Human embryonic kidney 293 T, human adenocarcinoma HeLa, and human mammary epithelial MCF10A cell lines were obtained from the cell bank of the Chinese Academy of Sciences (Shanghai, China). 293 T and HeLa cells were grown in DMEM medium (#317-005-CL; Wisent, Montreal, QC, Canada) supplemented with 10% fetal bovine serum (#ST30-3302; PAN, Aidenbach, Germany) and 1% streptomycin/penicillin (#15140122; Gibco, Waltham, MA, USA). MCF10A cells were grown in DMEM/F12 medium (#319-075-CL, Wisent) supplemented with 5% horse serum (#16050130; Life Technologies, Grand Island, NY, USA), 20 ng/mL epidermal growth factor (EGF), 0.5 mg/mL hydrocortisone, 10 μg/mL insulin, and 1% streptomycin/penicillin. All cells were cultured at 37 °C in a humidified incubator with 5% CO2. For plasmid and siRNA transfection, cells were transfected with Lipofectamine 3000 (Life Technologies) according to the manufacturer’s instructions. The siRNA sequences used in the study are listed in Supplementary Table S2.
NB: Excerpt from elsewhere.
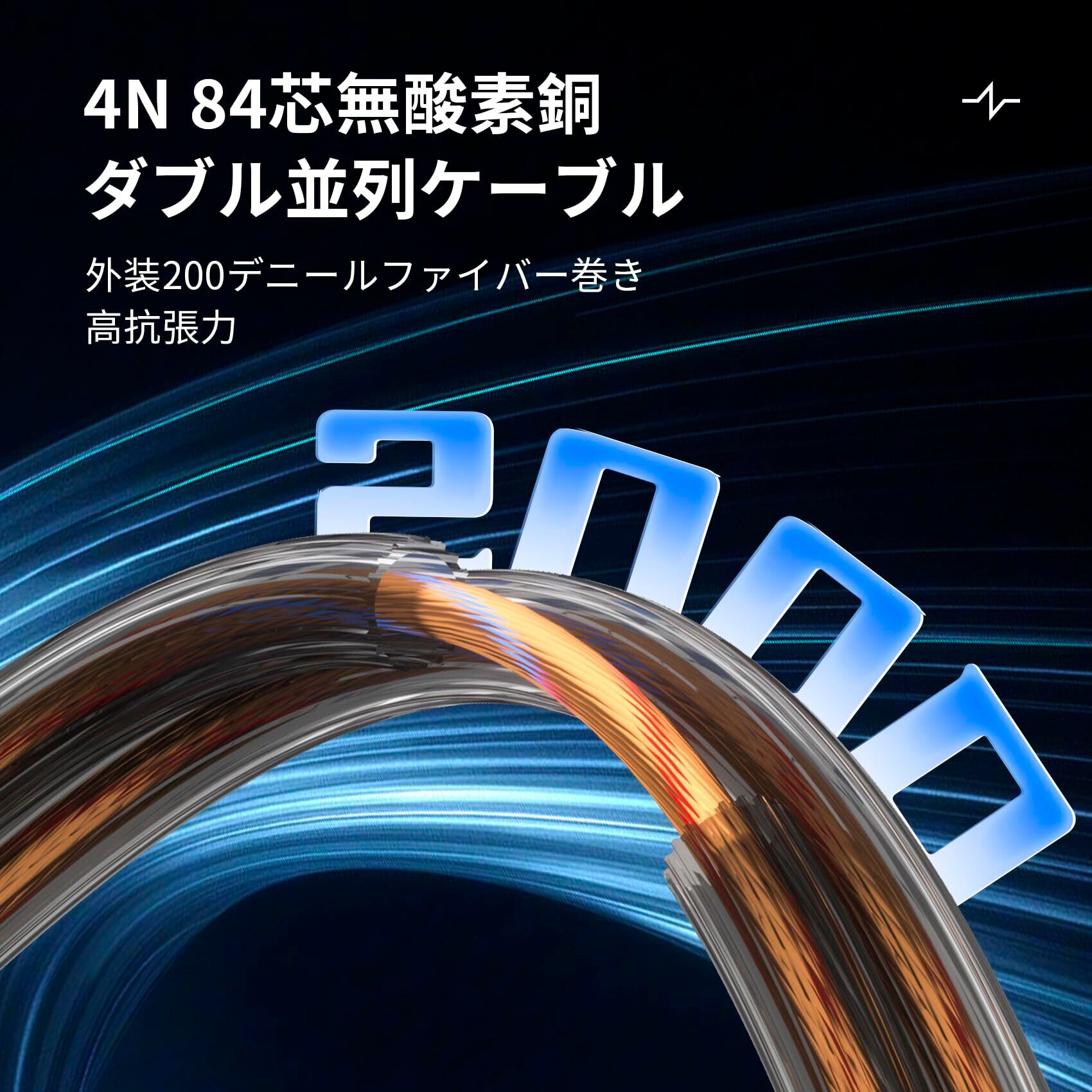 ❥【絡まり防止設計 】 CCZ ZC02の交換用ケーブルは精密な平行二線配置を採用し、片側への捻じれ力を相殺することで、ケーブルの自然な回転絡まりを防止。ポケットに無造作にしまっても、取り出した時は整然とした状態を保ちます。さらに、交換用ケーブル内の高弾性無酸素銅コアは柔軟で耐久性に優れ、変形しにくい特性を備えています。簡単に元の形状に戻るため、頑固な絡まり結節ともお別れです。

Establishment of stable SIRT6 overexpression cell lines

Human SIRT6 cDNA was synthesized from the total RNA of the 293 T cell line. The SIRT6 coding region with a FLAG-tag sequence was cloned into the pLVX-IRES-ZsGreen1 vector. A blank pLVX-IRES-ZsGreen1 vector was used as a control. Production of lentiviral particles of recombinant SIRT6 was carried out based on the protocol of Tiscornia et al.27. Briefly, the main vectors pLVX-SIRT6-FLAG-IRES-ZsGreen1 and pLVX-IRES-ZsGreen1, with packaging and envelope vectors, were transfected into 293 T cells when they reached 70–90% confluence. After 48 h of culture, the cell culture supernatant was collected and concentrated with PEG6000. The precipitated lentiviral particles were resuspended in PBS. The lentiviral particles were then used to infect 293 T and HeLa cells in the presence of 6 μg/mL Polybrene for 12 h. Cells were then cultured in fresh medium for more than 96 h, and cells with ZsGreen1 fluorescence were sorted by flow cytometry.
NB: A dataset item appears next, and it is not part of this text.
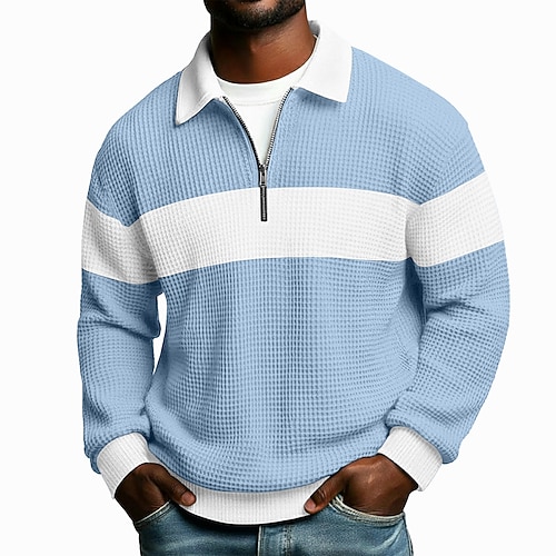 Per uomo Magliette Polo a Nido d'Ape Polo con zip a un quarto All'aperto Casual Zip a un quarto Manica Lunga Moda Moderno Tinta unica Lavorato a maglia Primavera Primavera Autunno Vestibilità comoda

Establishment of SIRT6 knockout cell lines

Genome engineering for the creation of SIRT6 knockout cell lines was performed as previously described28. We designed sgRNAs according to the GeCKOv2 library29 and the target sequences are listed in Table S2.

Cell proliferation assay with CCK-8

Cells were seeded in 96-well plates (3,000 cells per well). Cell proliferation rate was determined using the CCK-8 assay (#CK04; Dojindo Laboratories, Kumamoto, Japan) according to the manufacturer’s instructions. Optical density (OD) was measured 2 h after CCK-8 addition at 450 nm using a microplate reader when cells had grown for 0, 12, 24, 36, 48, 60, and 72 h.

Quantitative real-time PCR (qPCR)

Total RNA was extracted with TRNzol universal reagent (#DP424; TIANGEN, Beijing, China) and reverse-transcribed to cDNA using a SuperRT one step RT-PCR kit (#CW0742S; CWBIO, Jiangsu, China) according to the manufacturer’s instructions. Real-time PCR was performed using a LightCycler 96 System (Roche, Basel, Switzerland) with UltraSYBR mixture (#CW0957H; CWBIO) according to the manufacturer’s instructions. ACTB was used as an internal control. Relative expression levels were calculated using double delta Ct analysis. Primer sequences used for qPCR are listed in Supplementary Table S2.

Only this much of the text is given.